Collect data but protect passwords
Since I wanted to explore how testing might work on a data project, I needed a data source.  I decided to use a public, but still protected database in order to review options for accessing credentials in a repository without publishing said credentials.  There are many ways to work thru this issue, some are more secure than others and keep the credentials encrypted.  I ultimately decided that level of security is not typically  warranted in my projects, and went with a method using configparser, a builtin python package.  In addition to running anywhere python is available, configparser uses .ini files to store the credentials.  These files are widely used in many programming languages, and are human readable/editable as well.  This makes it easy to publish examples and reference notes for future use without regard to tools available in the final working environment - any computer will be able to work with the plain text files. See the docs for more details about configparser in general, or the next section for how to work with AACT.
Setup notes for AACT database
Cloning my repository provides most of the files required to run the tests. The data the tests are based on, however, comes from the Aggregate Analysis of ClinicalTrials.gov (AACT) database. This database hosts data submitted to ClinicalTrials.gov about proposed medical trials. Connecting to this account requires free credentials.

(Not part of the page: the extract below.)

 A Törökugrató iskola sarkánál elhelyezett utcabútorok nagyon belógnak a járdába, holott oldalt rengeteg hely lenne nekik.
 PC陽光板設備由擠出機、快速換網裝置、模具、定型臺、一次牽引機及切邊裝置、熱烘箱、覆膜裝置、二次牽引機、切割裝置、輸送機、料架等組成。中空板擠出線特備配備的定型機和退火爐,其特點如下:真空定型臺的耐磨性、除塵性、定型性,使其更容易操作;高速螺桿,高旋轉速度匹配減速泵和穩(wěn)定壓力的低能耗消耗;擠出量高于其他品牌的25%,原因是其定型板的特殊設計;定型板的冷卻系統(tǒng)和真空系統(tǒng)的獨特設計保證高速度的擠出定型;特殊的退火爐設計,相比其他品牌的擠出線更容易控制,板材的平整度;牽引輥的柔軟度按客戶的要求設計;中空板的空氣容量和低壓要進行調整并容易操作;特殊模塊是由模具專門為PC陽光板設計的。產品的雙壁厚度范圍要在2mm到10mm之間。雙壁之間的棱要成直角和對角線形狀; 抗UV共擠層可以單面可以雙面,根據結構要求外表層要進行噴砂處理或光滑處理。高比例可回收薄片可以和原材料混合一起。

To use  your credentials with this repository, copy the credentials.ini.example file that should be copied to credentials.ini. Then populate credentials.ini with your username and password for the AACT database.
Define some tests
One of the biggest errors I see in sharing machine learning work, is not starting the process from the correct datasets. Particularly when there is a tight deadline, the temptation to skip changing filenames in the code for a last minute data update or new filter is hard to resist. For this reason, I decided to add a data file hash check in my unit tests to verify the data is unchanged from the time the unit tests were written. In case you haven’t seen them before, file hashes are a sort of fingerprint for a file. Hashing the file runs a complicated analysis on the data in the file and returns a seemingly random string. See some examples from my interim data files:
$ md5 *
MD5 (keywords_table.csv.gz) = f8363838960fc63139d58324a43e11c6
MD5 (main_table.csv.gz) = ff7247b0119c3df7a1e593576c206c6f
This string (or hash) is unique to that file — and you will get the same result every time you run the hashing algorithm on that file… unless something changed the data in the file. If someone overwrites the data in the file (say by filling missing values or making a copy that fails halfway) — the hash will completely change to a different seemingly random string. Hashes can provide powerful protection data corruption, network errors when sharing, or momentary idiocy — if one remembers to check them before starting work. Hence the power in incorporating this into automated testing.

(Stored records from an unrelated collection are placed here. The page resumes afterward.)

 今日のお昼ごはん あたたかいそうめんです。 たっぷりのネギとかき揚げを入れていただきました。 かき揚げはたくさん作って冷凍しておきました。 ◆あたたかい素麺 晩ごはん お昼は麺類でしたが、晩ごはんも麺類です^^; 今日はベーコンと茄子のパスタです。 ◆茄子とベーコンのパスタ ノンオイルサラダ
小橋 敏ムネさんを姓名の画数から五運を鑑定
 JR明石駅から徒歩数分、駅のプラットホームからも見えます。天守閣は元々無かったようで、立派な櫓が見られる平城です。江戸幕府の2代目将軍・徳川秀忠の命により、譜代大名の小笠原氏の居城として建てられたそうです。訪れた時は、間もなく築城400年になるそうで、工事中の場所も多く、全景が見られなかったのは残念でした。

I used this tip from stackoverflow to run my hashes in python.
Future work
This project is rapidly consuming much of my free time, and there is a lot more I want to accomplish. I have currently collected some data, performed preliminary basic EDA on it, and prepared some rudimentary NLP features from each data file. I still need to join the data into a final dataset and build a model. Then I will create some tests to give confidence the model has not been corrupted since I saved it. I’d like to refactor my code to modernize some of the feature engineering and make it easier to test and pass new data thru. Finally, I’ll setup some automate documentation to help others follow my work.